Борис Нелепо: 12 февраля в Московском доме Кино прошел вечер памяти режиссера-документалиста Олега Морозова. Изначально на эту дату был запланирован просто показ его фильма “Следующее воскресенье”, получившего гран-при фестиваля “Артдокфест” и “Лавровую ветвь” за лучший арт-фильм. Но 1 января Олега Морозова не стало.
Этот вечер начался показом небольшого интервью с Олегом Морозовым и его ранних короткометражных работ “Метро” и “Каштанка”, снятых вместе с известнейшим театральным режиссером Анатолием Васильевым. Сам Васильев, который сейчас живет и работает в Париже, специально приехал на этот показ. Разумеется, в зале собрались люди, которые хорошо знали Морозова и работали с ним. Смотреть этот фильм в такой атмосфере – это было очень странное ощущение, поскольку “Следующее воскресенье” – это фильм о смерти, который и сам режиссер закончил, будучи тяжело больным.
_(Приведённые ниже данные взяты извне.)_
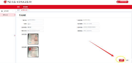 3.1个人用户默认用户名为注册时所填写的手机号码,默认证件类型为身份证,请准确填写本人信息,“名称”请填写本人姓名(需要与身份证信息一致且为注册手机号的持有人),并请填写本人证件号码,这页所填写的银行卡号预留手机号须与注册手机号保持一致(否则将会影响后面的签约及交易),并请上传真实的证件正、反面照片(正面上传人像面,反面上传国徽面)后,点击提交,认证完成。

Морозов начал работу над своим фильмом 15 лет назад, первые сцены датируются ещё 1993-м годом. Действие происходит в небольшом селе в Калининградской области, в котором Морозов построил дом, ставший декорациями его фильма. В “Следующем воскресенье” много героев, но все они ненадолго задерживаются на экране и на этом свете.
В кадре сельский мужик рассказывает о своей жизни, а затем закадровый голос сообщает о том, что он умер через пару месяцев. Его собеседник замерзает в канаве. Племянник одного из них поспорил, что способен выпить залпом полтора литра самогона. Как замечает голос за кадром, спор он выиграл, но оставил трех своих детей без отца. У другого героя сын купил в ларьке паленую водку и отравился насмерть. Отдельный подсюжет – это история компании молодых героинщиц, продающих себя, чтобы заработать на дозу. Они рассказывают в камеру о своей жизни, страхах, надеждах. Эти героини исчезают еще быстрее.
Действие, напомню, происходит в Калининградской области. В одном из финальных сегментов молодые люди взламывают старый немецкий дом, откапывая, в поисках денег, тела его владельцев и аккуратно раскладывая их черепа. В фильме есть сцена, вызвавшая наиболее острые споры: старая хроника, на которой запечатлены ангелоподобные немецкие дети со свастиками, играющие Вагнера.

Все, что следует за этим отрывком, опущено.